Location
- 1005 Rico St. Gallup, New Mexico United States 35°29′50″N 108°49′03″W﻿ / ﻿35.4972°N 108.8174°W

Information
- Type: Public high school
- Teaching staff: 53.62 (FTE)
- Grades: 9-12
- Enrollment: 884 (2018–19)
- Student to teacher ratio: 16.49
- Colors: Black, orange
- Athletics: NMAA District 1 AAAA
- Mascot: Bengal
- Website: Gallup High School

= Gallup High School =

Public high school in Gallup, New Mexico

Gallup High School (GHS) is a public high school in Gallup, New Mexico. It is the largest high school in the Gallup-McKinley County School District.

For over 50 years, a partnership with the UNM Extension Division has brought students to Gallup High School for part-time instruction in college-level courses.

==History==

Wendell Hendricks became the principal in 1970.

The school's campus is relatively new, as GHS moved to its current location in 1998. The old campus became known as Gallup Junior High School, which housed 8th and 9th grade students from 1998 to 2008.

In the 2008–2009 school year, Gallup started splitting their 9th and 10th grade students with cross-town Miyamura High School. The Gallup High School attendance boundary after the split is Gallup's westside, and areas located west and north of town.

In addition to portions of Gallup, the school serves Crestview, Defiance, Manuelito, Mentmore, Purty Rock, Rock Springs, Tse Bonito, and Ya-ta-hey, as well as a small section of Catalpa Canyon.

== Sports and activities ==
Gallup High School is a member of NMAA's District 1-4A, and is highly competitive in girls' and boys' basketball, girls' dance team, and boys' and girls' cross country. District 1-4A includes Miyamura High School (Gallup, NM), Shiprock High School (Shiprock, NM), Kirtland Central High School (Kirtland, NM), Aztec High School, and Bloomfield High School (Bloomfield, NM).

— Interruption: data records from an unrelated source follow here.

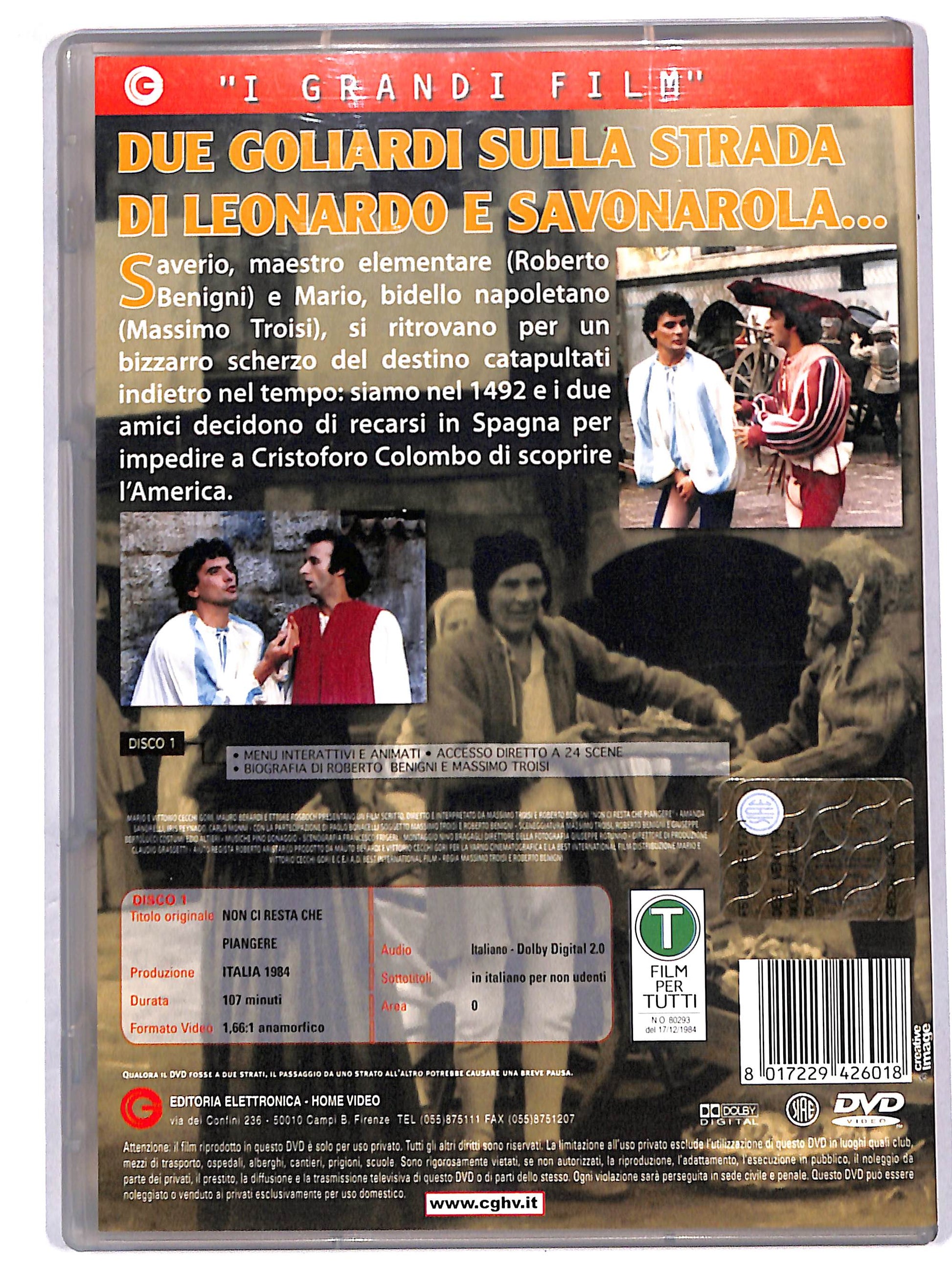 Saverio, maestro elementare e il bidello Mario, fermi con la macchina a un passaggio a livello eterno, cercano una via d'uscita d'emergenza, vengono sorpresi da un temporale e riparano per la notte in una vecchia locanda, dentro la quale si destano l'indomani inspiegabilmente immersi in un improbabile anno 1492. Tentano goffamente di assumere l'abbigliamento, il linguaggio e le usanze d'epoca e si trovano implicati in farsesche avventure, finche a Saverio spunta l'idea - visto che e l'anno 1492 - di correre in Spagna a fermare Cristoforo Colombo, per impedirgli di scoprire l'America, da cui vengono infiniti mali, a cominciare dal vezzo linguistico dell' 'okey' diffuso fra noi in maniera cosi pecoreccia. Nel tragitto incorrono in altre avventure, fra le quali l'incontro con un'amazzone di colore e poi con Leonardo Da Vinci, che tentano di erudire sulle novita scientifiche, con la loro saputa ignoranza anni '80, per cui ritardano e arrivano a Palo dopo che Colombo e gia salpato. Mentre, spompati, s'apprestano a ritornare sui propri passi, avvertono lo sbuffare e lo sferragliare di una locomotiva. Speranzosi, si precipitano verso i binari, sicuri di esser riapprodati al secolo XX, se non che dalla locomotiva si sporge compiaciuto Leonardo...che ha imparato la lezione. Veramente 'non resta che piangere'
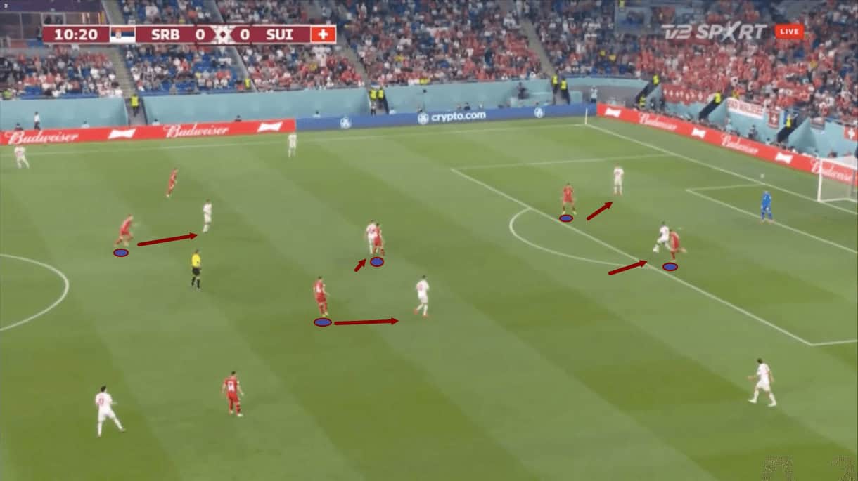 At the same time, the more passive Serbian press resulted in a more compact shape between the lines that was more difficult to pull about. This also, then, made it more difficult for Switzerland to break lines by passing through the centre to Embolo.
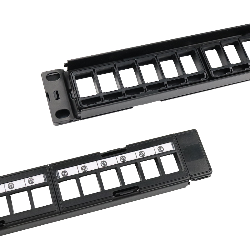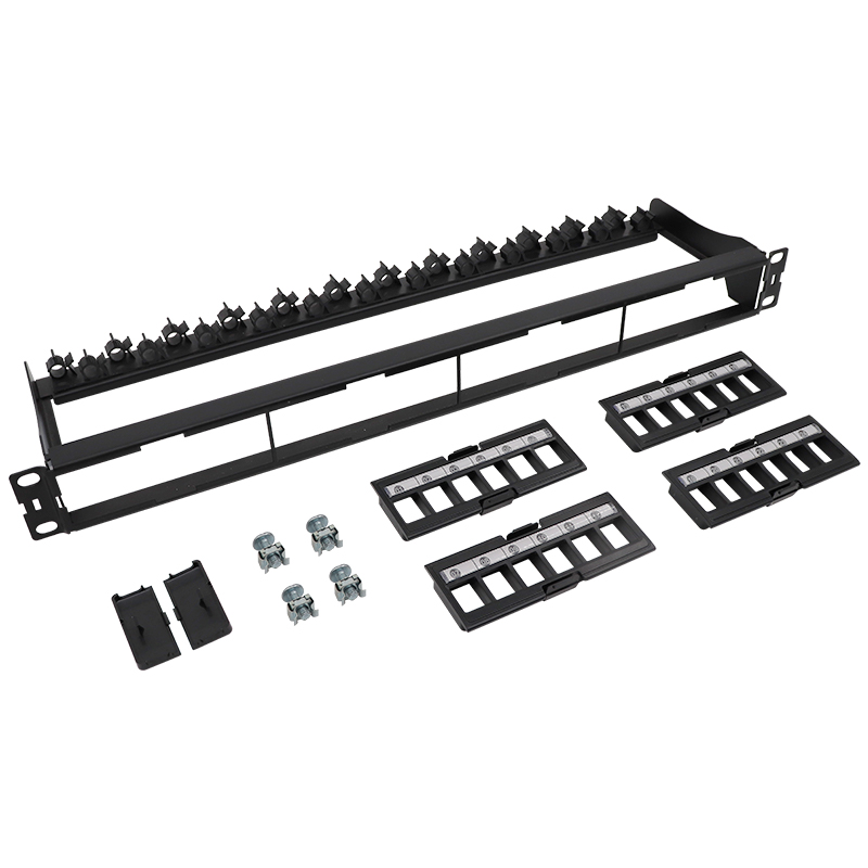| P-24b-2 | 19 "1U 24 Port UTP Blank Patch Panel med Back Shelf |
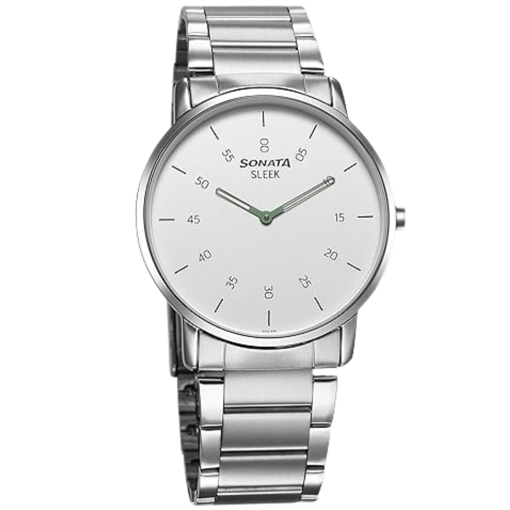 The Sonata Sleek 7152SM01 is a refined men’s analog watch featuring a clean white dial and a polished stainless steel strap. With its ultra-slim 6.05 mm brass case, mineral glass, and premium build, this stylish timepiece offers comfort, durability, and modern sophistication for any occasion.

| Sport | Class | Year(s) |
|---|---|---|
| Baseball | N/A | 1953 |
| Basketball state champions (girls) | 5A, 4A | 1994, 1997, 2011, 2021 |
| Cross country state champions (boys) | 5A | 1983, 1984, 1985, 1986, 1987, 1988, 1989, 1990, 1991, 1992, 1993, 1994, 1999, 2005, 2007 |
| Cross country state champions (girls) | 4A | 1988, 1989, 1990, 1993, 1996, 1997, 1998, 1999 |
| Dance/drill | 4A | 2011 |

== Notable alumni ==
- Jim Abeita, artist
- Anthony Allison, member of the New Mexico House of Representatives
- Timothy Bedah, painter and goldsmith
- Chee B. Benally, artist
- Earl Insley, college football coach
- Vernon Kerr, member of the New Mexico House of Representatives
- James B. Lewis, former state treasurer of New Mexico (1985–1991, 2007–2015), first African-American elected to statewide office in New Mexico
- Taylor Ramirez, educator, school administrator, and former collegiate athlete. Ramirez was a standout two-sport athlete at Gallup High School, earning all-area recognition as a quarterback and all-district honors in baseball. He continued his baseball career at Eastern New Mexico University, where he earned a Bachelor of Science in biology (Pre-Med) and later a Master of Education in educational leadership. Ramirez subsequently became an assistant principal and athletic director at Miyamura High School in Gallup, New Mexico, where he has overseen student achievement, school operations, and athletic programs.
- Nick Romero, physical therapist and entrepreneur. Romero graduated as valedictorian of Gallup High School, was a three-sport athlete, and later played collegiate baseball. He earned a bachelor's degree in kinesiology from New Mexico State University and a Doctor of Physical Therapy degree from the University of New Mexico. He is the founder and owner of Walk-Off Performance and Rehabilitation Physical Therapy in Albuquerque, New Mexico.